I sat down on a bench to peel off my boots, discovering that I had thick socks with reindeer faces on them and the beginning of blisters, and when I looked up again Alice’s shoulders were shaking, tears threatening to puncture her features.
Watch her: a thought strikes, and her hands move to her face, then hesitate, unsure whether to touch.
Watch her.
No one seems disgusted by her; she’s in no pain, perhaps her body has not been sullied and here it comes, the one question she wants to ask.
Exactly how much have I violated her flesh?
There’s another.
Exactly who has violated her flesh?
She dare not ask while the world turns around her, alone in the middle of the ice.
Alice Mair.
She will not cry.
And here–the next thought, see how it strikes into the blackness of her eye–I must be nearby.
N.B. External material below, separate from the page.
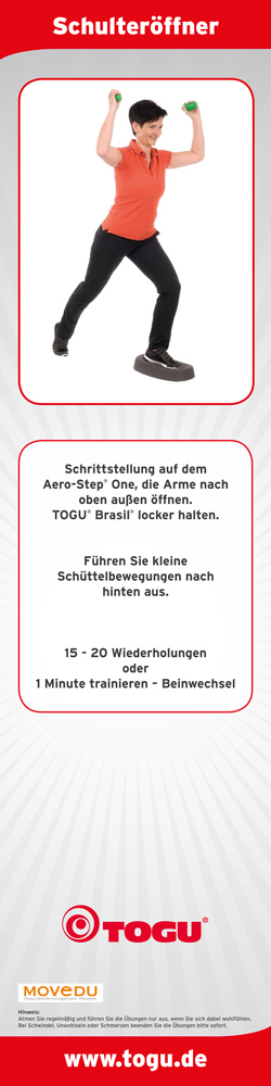 Ein Baustein bildet dieses TOGU Set, das von movedu - Beate Missalek für Aktivierungseinheiten und bewegte Pausen am Arbeitsplatz entwickelt wurde. Weitere Verwendungsmöglichkeiten sind Trainingsflächen in Bewegungszentren, Fitnessstudios und Vereinsräumen. Die Teilnehmer können so schnell, einfach und dabei effektiv in Bewegung gebracht werden.

Who held her arm when she opened her eyes?
Who is looking?
Who went away?
She turns now, ankles wobbling in her boots, and she’s looking for me. And I am sitting here, undoing my laces, knocking my blades together in a shower of shaven snow. I am happy for her to look, and in a moment she’ll reach into her pocket for her mobile phone, and then stop and think and…
there we go. She thinks and does not touch her phone. Clever, for the nasty creature that has been wearing her flesh like so many old clothes may have done things, she knows not what.
Now she is recovering her wits, she checks one last thing–the time–for how many hours has it been, how many days, since her body was acquired, and how many minutes have passed since she was freed? Will she have a sense of me? Will there be some re sidual instinct which tells her where I am and…
No.
There will not.
There is no one more humiliated, wretched or alone than the woman who waddles to the edge of the rink, knees knocking in her borrowed boots. She lowers herself gingerly on to the edge of a bench, then puts her head in her hands to hide the growing tears.
I feel…
… almost nothing at all.
I have seen this all before.
I jump from my reindeer-socked girl to a man in a checked shirt; from him to a woman composing amorous text messages, to the green-sweatshirted man scrubbing the sodden floor around the edge of the ice rink. He’ll do. Part of the furniture.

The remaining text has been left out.